Despite the brilliant performances, I found this film lacking, skipping between scenes with nothing connecting them.
The characters were connected as they would only in Dickens novels or others from the pre-WWII era. Emma Thompson shines as Margaret Schlegel, the eldest, practical sister with her smart, sensible younger brother, Tibby (Adrian Ross Magenty) and high-strung but well-meaning sister, Helen (Helena Bonham Carter). Before the film started, Margaret befriend the matriach of the Wilcox family, Ruth (the regal Vanessa Redgrave) and Helen had a torrid albeit brief affair with the calm Wilcox son, Paul (Joseph Bennett). And then as the film unravels, Ruth and Margaret befriend each other despite Ruth's failing health. After her death, there is the debate over who should inherit Ruth's family home and against all odds, Margaret falls in love with Ruth's widower, Henry (Anthony Hopkins) though they have different philosophies. On the other hand, there are the Basts, who are poor, working class though Leonard Bast (Samuel West) has a creative and imaginative mind.
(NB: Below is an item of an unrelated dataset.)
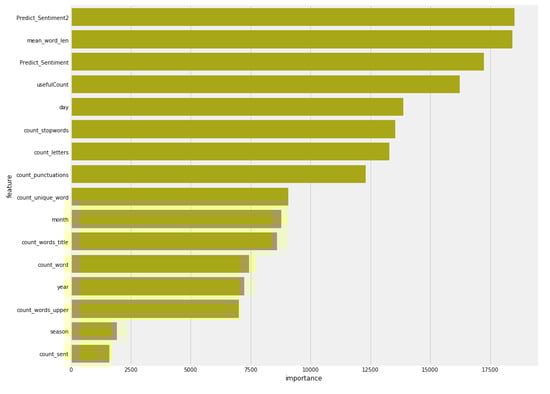 In the GOSS model, small gradient data instance will be excluded because only data instances with high gradients are important for the estimation of information gain. A large amount of data portion is eliminated for training the model. Hence, the data instance with a low gradient will not affect the model estimation accuracy. In our case, only data instances are used with high gradients for information gain. However, the GOSS can provide accurate estimation with small data size. On the other side, EFB is used for feature reduction, by grouping mutually exclusive features together. In EFB the greedy algorithm can be utilized to reduce the features in an effective manner without affecting the accuracy of information gain. Microsoft named these GOSS and EFB based implementations as lightGBM. Lastly, lightGBM is the more fast and accurate model than the other GBDT. They claim that it is 20 times faster than other GBDT models [59]. Some important features extracted by lightGBM model are shown in Figure 9.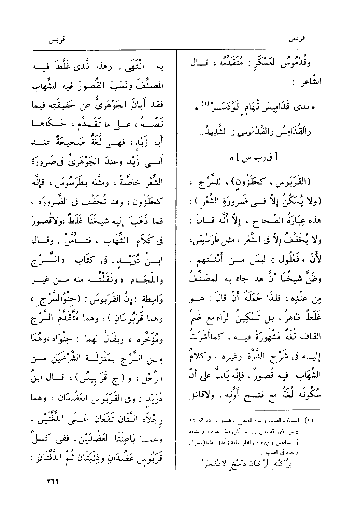 القَرَبَوس، كحَلَزُونٍ، للسَّرْج، وَلَا يُسَكَّنُ إِلاّ فِي ضَرورَةِ الشِّعْرِ، هَذِه عَبَارَةُ الصّحاح، إِلا أَنَّه قالَ: وَلَا يَخَفَّفُ إِلاّ فِي الشِّعْر، مثل طَرَسُوسَ، لأَنّ فَعْلُول ليسَ من أَبْنيَتهم، وظَنَّ شيخُنَا أَنَّ هَذَا جاءَ بِهِ المصَنِّفُ مِن عنْدِه، فلذَا حَمَلَهُ أَنْ قالَ: هُوَ غَلَطٌ ظاهرٌ، بل تَسْكِينُ الرّاءِ مَعَ ضَمِّ الْقَاف لُغَةٌ مَشْهُورَةٌ فِيهِ، كَمَا أَشَرْتُ إِليه فِي شَرْح الدُّرة وَغَيره، وكلامُ الشِّهَاب فِيهِ قُصورٌ، فإِنّه يَدلُّ على أَنّ سُكُونَه لُغَةٌ مَعَ فتح أَوَّلِه، وَلَا قَائِل بِهِ. إنْتَهَى. وَهَذَا الَّذي غَلَّطَ فِيهِ المصنِّفَ ونَسَبَ القُصورَ فِيهِ للشِّهاب فقد أَبانَ الجَوْهَرِيُّ عَن حَقيقَتِه فِيمَا نَصّهُ، على مَا تَقَدَّم، حَكَاها أَبو زَيْدٍ، فَهِيَ لُغَةٌ صَحيحةٌ عِنْد أَبي زَيْد وعندَ الجَوْهَرِيِّ فِي ضَرورَة الشِّعْر خاصَّةً، ومثَّله بطَرَسُوسَ، فإِنَّه كحَلَزُون، وَقد تُخَفَّف فِي الضَّرورَة، فَمَا ذَهَبَ إِليه شيخُنَا غَلَطٌ، وَلَا قُصورَ فِي كَلام الشِّهَاب، فتأَمَّلْ، وَقَالَ ابنُ دُرَيْدٍ، فِي كتَاب السَّرْج واللِّجَام ونَقَلْتُه مِنْهُ من غير وَاسِطةٍ: إِنَّ القَرَبوسَ: حِنْوُ السَّرْجِ، وهما قَرَبُوسَانِ، وهما مُتَّقَدَّمُ السَّرْجِ ومُؤَخَّره، ويقَالُ لَهما: حِنْوَاه، وهَمَا مِن السَّرْج بمَنْزلَة الشَّرْخَيْن من الرَّحْل، وَج قَرَابِيسُ، قَالَ ابنُ دُرَيْدٍ: وَفِي القَرَبُوس العَضُدَان، وهما رِجْلاَه اللَّتَان تَقَعَان عَلَى الدَّفَّتَيْن، وهما بَاطِنَتَا العَضُدَيْن، فَفِي كلِّ قَرَبُوسٍ عَضُدَانِ وذِئْبَتَان ثُمّ الدَّفَّتَانِ،

Things don't get interesting until Leonard and Helen have a one afternoon stand and she becomes pregnant (as that always happens in Hollywood films) and the marriage between Henry and Margaret disintegrates before our very eyes.
Everything works out in the end. The hot-headed Charles Wilcox (James Wilby) kills Leonard for him knocking up Helen (though he didn't even know) but is charged with manslaughter and Margaret gets Ruth's family home (the titular Howard's End).
Still, despite the brilliant performances and the fact that Bonham Carter was robbed of a supporting Actress nomination at the Oscars, the film is just too dis-jointed at the beginning, skipping around between scenes so quickly, almost like little connected vignettes. It's a shame as the characters were perfectly cast and the cinematography and set design were utterly brilliant. Grade: B+
Side Notes:
-Margaret deserves far better than Henry. He had a mistress (in such a ridiculous plot twist) which happens to be Jacky Bast (Nicola Duffett). She forgives him rather quickly. I wouldn't have been that forgiven.
-There is always that double-standard. Men can sleep around (provided they don't impregnate the woman) while women cannot.